▶ [THE PROBLEM]: Could you transcribe each record below exactly as written, setting the pictures aside?

(Collected data)
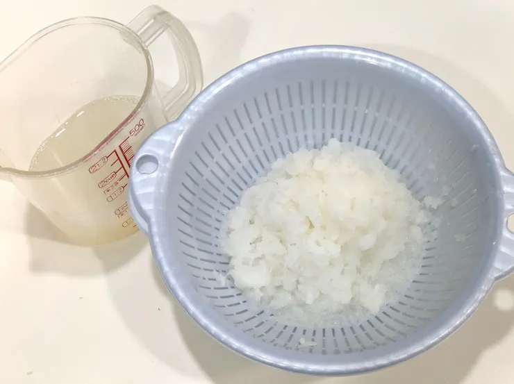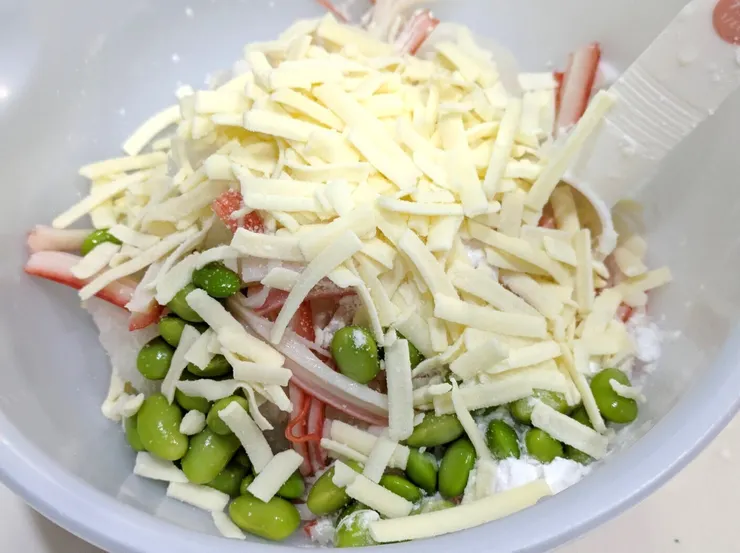大根をすりおろして水切りし→片栗粉・とろけるチーズ・カニカマ・枝豆を入れてまぜます。
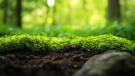 Macro shot of bright green moss on damp soil and stones in a dense forest, with blurred background for depth
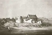 | Каунасский замок в XIX веке. Рисунок Наполеона Орды | Круглая башня и бастион до реконструкции. 2006 год |
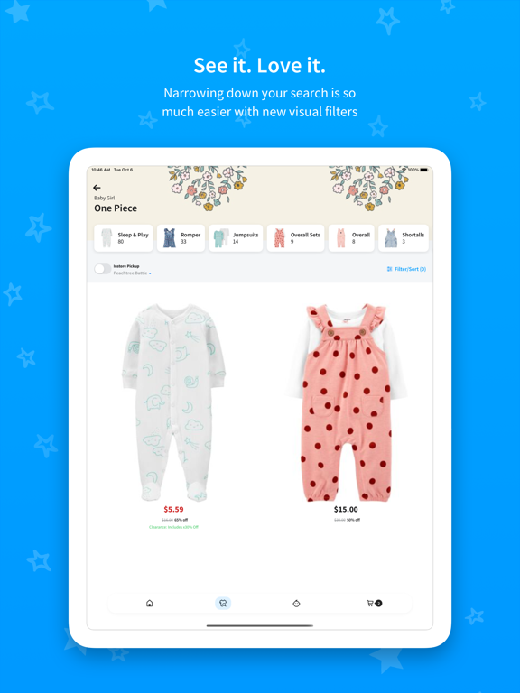 Shop the entire assortment of Carter’s®, OshKosh B’gosh® AND Skip Hop® together anytime, anywhere. For the first time ever, you’ll be able to simultaneously search all three brands; even search items by color at super speed.
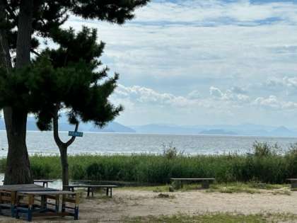 予定通り宿舎につきました。程よく風があり、湖はおだやかな様子です。

▶ [TASK SOLUTION]:
大根をすりおろして水切りし→片栗粉・とろけるチーズ・カニカマ・枝豆を入れてまぜます。
 Macro shot of bright green moss on damp soil and stones in a dense forest, with blurred background for depth
 | Каунасский замок в XIX веке. Рисунок Наполеона Орды | Круглая башня и бастион до реконструкции. 2006 год |
 Shop the entire assortment of Carter’s®, OshKosh B’gosh® AND Skip Hop® together anytime, anywhere. For the first time ever, you’ll be able to simultaneously search all three brands; even search items by color at super speed.
 予定通り宿舎につきました。程よく風があり、湖はおだやかな様子です。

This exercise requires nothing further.